NMIS Final Report ©1997

NMIS Project Final Report 1993 - 1997

3.3 Video Magazine and Library Services

[ToC]

Introduction

Network access to multimedia libraries will bring new benefits to K-12 schools nationwide. To instructors seeking quick assembly of high quality and current materials, networked accessible libraries offer new opportunities to enhance student achievement. Technological improvements will also soon allow archived multimedia information to be increasingly retrieved in real time and either automatically composed for students or manipulated by them.

Accomplishments

The NMIS Project Team at MIT, in cooperation with Turner Educational Services, Inc. (TESI), has successfully supported the implementation of a World Wide Web (WWW) accessible multimedia magazine and video library service. INTERNET CNN Newsroom Video Magazine has been automatically generated from the traditional analog version of CNN Newsroom program on a daily basis for more than two years by capturing and processing the same video which is delivered to schools for use with traditional video equipment . In addition, the entire archive has been made available in the searchable INTERNET CNN Newsroom Video Library.[5]

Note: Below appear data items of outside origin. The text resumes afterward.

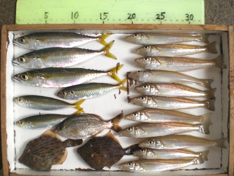 おはようございます。9月28日の日記です。ファミリーフィッシングの対象魚であるアジもここ数日、戻ってきた様で運動会で来れなかった人は残念でしたが須磨海岸は賑わいました。サビキと同様、際釣り、投げ釣りも五目釣りの様子でアジ、サバ、キス、ベラ、カワハギ、チャリコ、コチ、グレが釣れてます。サビキにエサを付ければ上記の魚もより釣れますのでご参考までに。色々な魚の引きをお楽しみください。他には夜の太刀魚、アナゴ、アオリイカが盛んですね。では、昨日の釣果写真です。寝屋川のHさんキス16匹、ベラ1匹餌は石ゴカイでした。そして神戸のAさんアジ、ハゲ、チャリコ、グレの多彩な釣果。サビキ釣りでした。サビキにエサ付けであれば色とりどりの魚が掛かりますよ。アジは神戸のFさん日中に餌が無くなった時に食ってきたと急いで店に来られました。全て当店の近隣での釣果です。尚、カワハギはエサ取りの名人ですので小さい針をお使いください。当店ではカワハギ釣り用の胴付仕掛けも販売しておりますので手に取ってご確認ください。明日は定休日ですが11時まで営業しております。
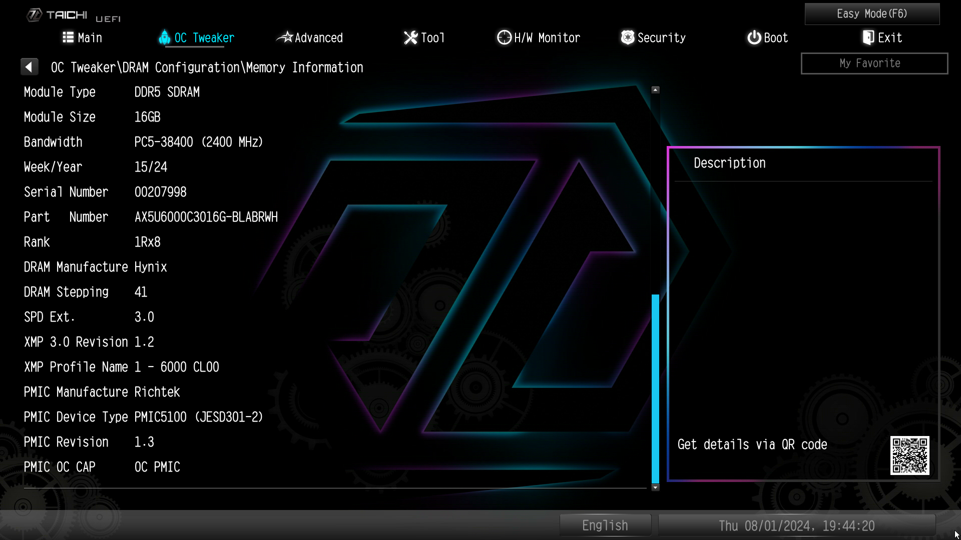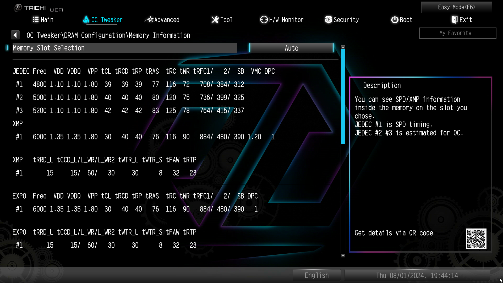 Di seguito vi mostriamo i profili delle memorie tramite il BIOS della scheda madre ASRock Z790 Taichi Lite usata per la nostra recensione:
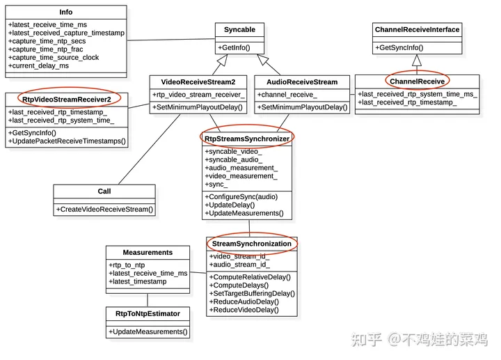 同步基本原理:就是相对时间差,即音视频流的 RTP 时间戳和到达时间的差值,通过 这个差值来计算相对延时,这样可以不用考虑双方机器时钟的偏差问题。以下是比较重 要类:
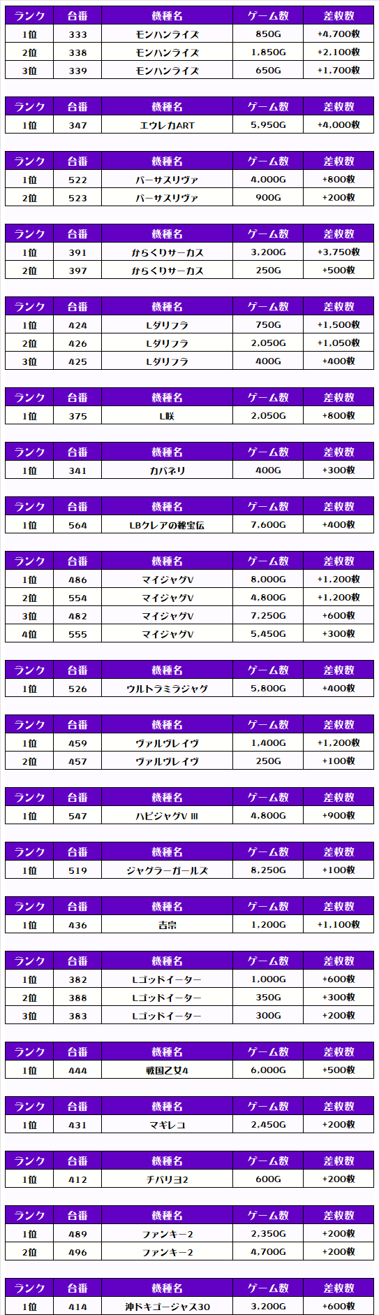 また、この日の注目台差枚ランキングがこちら❗️
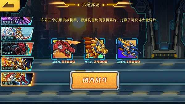 → 返回主界面 → 打开「每日副本」 → 定位「六道赤龙」专属关卡 → 上阵3台自有机甲发起挑战;
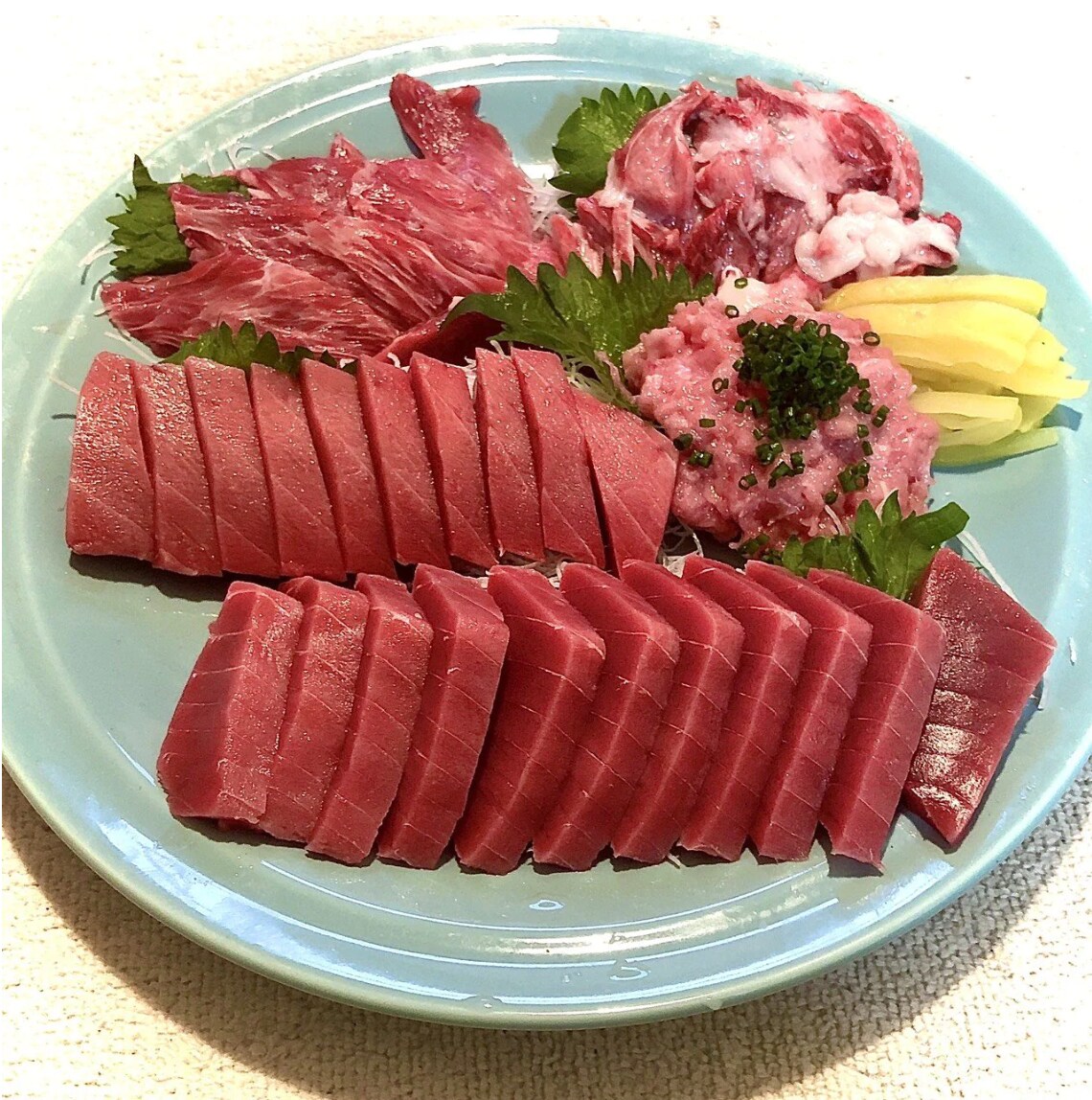 国産本マグロの赤身(約200g)・中とろ(約200g)・目玉・はちのみ・ほほ肉がついたセット。

INTERNET CNN Newsroom made particularly significant contributions to understanding the production and delivery requirements of multimedia information services. One accomplishment in this area has been the successful demonstration of techniques to automatically capture, encode, index and segment digital video. These automatic capturing and encoding processes have been complemented with processes to automatically generate and assemble the INTERNET CNN Newsroom Digital Video Magazine on a daily basis. Each weekday morning, a sequence of processes executes to assemble the video, images, and text to dynamically generate an HTML document distributed on the WWW. Furthermore, the tools developed for INTERNET CNN Newsroom were designed as generic applications and have also been used to automatically encode content for the health care information products program.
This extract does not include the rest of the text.